* What the task asks:
Each line of the records that follow must come back exactly, with pictures skipped.

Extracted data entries
§ §

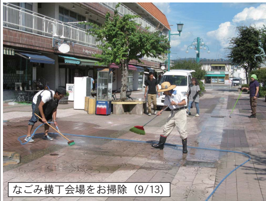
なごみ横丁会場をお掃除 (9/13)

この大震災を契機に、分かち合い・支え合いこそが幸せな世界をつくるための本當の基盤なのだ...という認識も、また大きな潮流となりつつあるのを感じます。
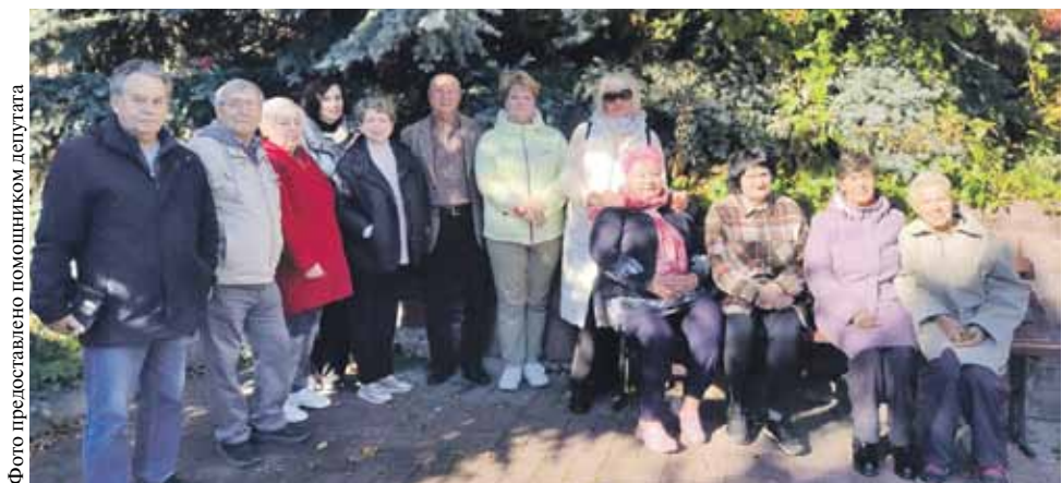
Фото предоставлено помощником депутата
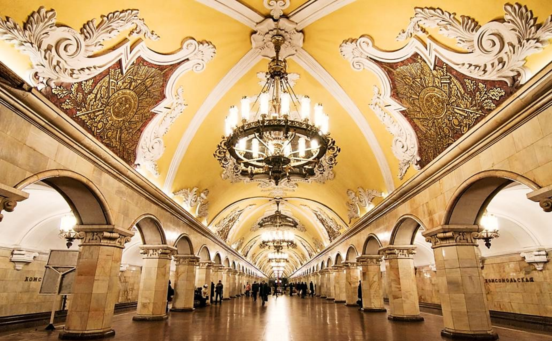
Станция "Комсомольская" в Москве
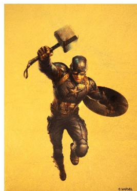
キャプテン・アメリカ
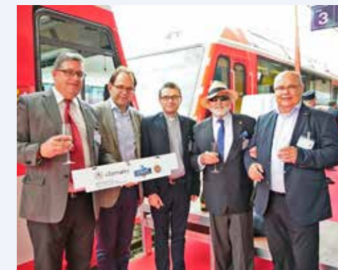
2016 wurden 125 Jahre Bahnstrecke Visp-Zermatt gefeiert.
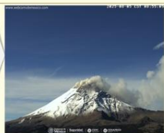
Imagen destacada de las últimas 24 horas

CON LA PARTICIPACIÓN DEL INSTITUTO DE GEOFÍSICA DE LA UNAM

§ §

* Reply to the exercise:
なごみ横丁会場をお掃除 (9/13)

この大震災を契機に、分かち合い・支え合いこそが幸せな世界をつくるための本當の基盤なのだ...という認識も、また大きな潮流となりつつあるのを感じます。
Фото предоставлено помощником депутата
Станция "Комсомольская" в Москве
キャプテン・アメリカ
2016 wurden 125 Jahre Bahnstrecke Visp-Zermatt gefeiert.
Imagen destacada de las últimas 24 horas

CON LA PARTICIPACIÓN DEL INSTITUTO DE GEOFÍSICA DE LA UNAM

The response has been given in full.